_Activity_
Reproduce the lines below exactly, from the one containing "在二者毛利率不相上下的情況下,口子窖為何能保持較高的凈利率?答案是銷售費用率。" through the one containing "Реванш, фитнес-школа студия", both included. Leave out any pictures.

_Dataset content_
⁂

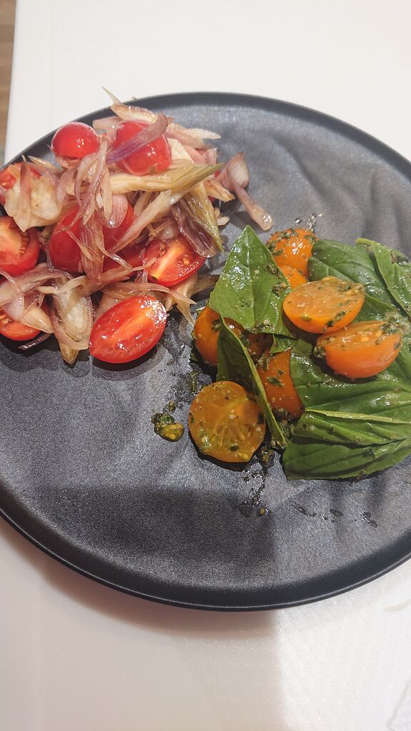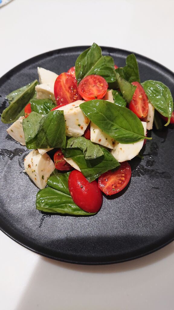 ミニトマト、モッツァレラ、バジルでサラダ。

⁂

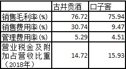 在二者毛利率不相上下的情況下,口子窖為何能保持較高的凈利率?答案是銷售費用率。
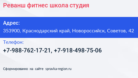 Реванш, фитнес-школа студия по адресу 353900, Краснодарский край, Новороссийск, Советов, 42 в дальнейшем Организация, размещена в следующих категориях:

⁂

_Answer_
 在二者毛利率不相上下的情況下,口子窖為何能保持較高的凈利率?答案是銷售費用率。
 Реванш, фитнес-школа студия по адресу 353900, Краснодарский край, Новороссийск, Советов, 42 в дальнейшем Организация, размещена в следующих категориях:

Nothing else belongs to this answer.